### Assignment
Give back each line of the data exactly.

### Information given
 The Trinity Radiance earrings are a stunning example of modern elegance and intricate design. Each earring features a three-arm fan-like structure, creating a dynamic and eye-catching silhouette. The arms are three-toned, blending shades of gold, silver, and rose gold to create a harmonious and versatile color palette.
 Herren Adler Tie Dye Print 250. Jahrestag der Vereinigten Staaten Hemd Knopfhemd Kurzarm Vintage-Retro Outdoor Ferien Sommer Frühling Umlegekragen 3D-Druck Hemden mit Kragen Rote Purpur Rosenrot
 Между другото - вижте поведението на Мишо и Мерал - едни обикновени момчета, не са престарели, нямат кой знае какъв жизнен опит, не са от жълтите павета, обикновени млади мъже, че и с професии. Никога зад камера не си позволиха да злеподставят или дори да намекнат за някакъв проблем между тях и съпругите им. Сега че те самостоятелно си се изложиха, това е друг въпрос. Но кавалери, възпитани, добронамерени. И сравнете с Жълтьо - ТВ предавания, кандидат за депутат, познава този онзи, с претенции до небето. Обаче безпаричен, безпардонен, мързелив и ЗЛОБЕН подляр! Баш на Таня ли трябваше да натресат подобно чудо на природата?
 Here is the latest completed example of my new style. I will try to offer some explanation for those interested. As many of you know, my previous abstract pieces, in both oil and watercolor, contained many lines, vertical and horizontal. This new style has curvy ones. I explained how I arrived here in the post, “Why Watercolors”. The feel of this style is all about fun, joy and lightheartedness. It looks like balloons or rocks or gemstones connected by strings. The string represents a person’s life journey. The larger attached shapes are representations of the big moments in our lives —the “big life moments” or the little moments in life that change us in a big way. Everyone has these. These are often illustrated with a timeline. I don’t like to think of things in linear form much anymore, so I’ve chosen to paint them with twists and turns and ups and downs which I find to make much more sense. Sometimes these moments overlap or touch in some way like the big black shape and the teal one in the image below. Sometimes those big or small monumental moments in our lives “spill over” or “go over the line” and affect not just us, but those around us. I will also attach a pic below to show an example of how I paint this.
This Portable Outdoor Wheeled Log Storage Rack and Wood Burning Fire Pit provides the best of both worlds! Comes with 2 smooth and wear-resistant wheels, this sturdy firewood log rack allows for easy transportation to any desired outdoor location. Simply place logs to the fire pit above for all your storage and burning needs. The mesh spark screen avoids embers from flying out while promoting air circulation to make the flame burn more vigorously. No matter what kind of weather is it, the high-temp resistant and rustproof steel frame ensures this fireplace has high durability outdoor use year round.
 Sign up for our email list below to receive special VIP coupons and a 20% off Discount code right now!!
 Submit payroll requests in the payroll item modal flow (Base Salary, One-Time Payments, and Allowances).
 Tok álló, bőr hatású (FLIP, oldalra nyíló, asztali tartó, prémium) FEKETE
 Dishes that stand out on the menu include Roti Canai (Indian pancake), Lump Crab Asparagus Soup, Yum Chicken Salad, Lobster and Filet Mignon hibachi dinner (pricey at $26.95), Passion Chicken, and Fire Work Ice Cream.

### Completed task
 The Trinity Radiance earrings are a stunning example of modern elegance and intricate design. Each earring features a three-arm fan-like structure, creating a dynamic and eye-catching silhouette. The arms are three-toned, blending shades of gold, silver, and rose gold to create a harmonious and versatile color palette.
 Herren Adler Tie Dye Print 250. Jahrestag der Vereinigten Staaten Hemd Knopfhemd Kurzarm Vintage-Retro Outdoor Ferien Sommer Frühling Umlegekragen 3D-Druck Hemden mit Kragen Rote Purpur Rosenrot
 Между другото - вижте поведението на Мишо и Мерал - едни обикновени момчета, не са престарели, нямат кой знае какъв жизнен опит, не са от жълтите павета, обикновени млади мъже, че и с професии. Никога зад камера не си позволиха да злеподставят или дори да намекнат за някакъв проблем между тях и съпругите им. Сега че те самостоятелно си се изложиха, това е друг въпрос. Но кавалери, възпитани, добронамерени. И сравнете с Жълтьо - ТВ предавания, кандидат за депутат, познава този онзи, с претенции до небето. Обаче безпаричен, безпардонен, мързелив и ЗЛОБЕН подляр! Баш на Таня ли трябваше да натресат подобно чудо на природата?
 Here is the latest completed example of my new style. I will try to offer some explanation for those interested. As many of you know, my previous abstract pieces, in both oil and watercolor, contained many lines, vertical and horizontal. This new style has curvy ones. I explained how I arrived here in the post, “Why Watercolors”. The feel of this style is all about fun, joy and lightheartedness. It looks like balloons or rocks or gemstones connected by strings. The string represents a person’s life journey. The larger attached shapes are representations of the big moments in our lives —the “big life moments” or the little moments in life that change us in a big way. Everyone has these. These are often illustrated with a timeline. I don’t like to think of things in linear form much anymore, so I’ve chosen to paint them with twists and turns and ups and downs which I find to make much more sense. Sometimes these moments overlap or touch in some way like the big black shape and the teal one in the image below. Sometimes those big or small monumental moments in our lives “spill over” or “go over the line” and affect not just us, but those around us. I will also attach a pic below to show an example of how I paint this.
This Portable Outdoor Wheeled Log Storage Rack and Wood Burning Fire Pit provides the best of both worlds! Comes with 2 smooth and wear-resistant wheels, this sturdy firewood log rack allows for easy transportation to any desired outdoor location. Simply place logs to the fire pit above for all your storage and burning needs. The mesh spark screen avoids embers from flying out while promoting air circulation to make the flame burn more vigorously. No matter what kind of weather is it, the high-temp resistant and rustproof steel frame ensures this fireplace has high durability outdoor use year round.
 Sign up for our email list below to receive special VIP coupons and a 20% off Discount code right now!!
 Submit payroll requests in the payroll item modal flow (Base Salary, One-Time Payments, and Allowances).
 Tok álló, bőr hatású (FLIP, oldalra nyíló, asztali tartó, prémium) FEKETE
 Dishes that stand out on the menu include Roti Canai (Indian pancake), Lump Crab Asparagus Soup, Yum Chicken Salad, Lobster and Filet Mignon hibachi dinner (pricey at $26.95), Passion Chicken, and Fire Work Ice Cream.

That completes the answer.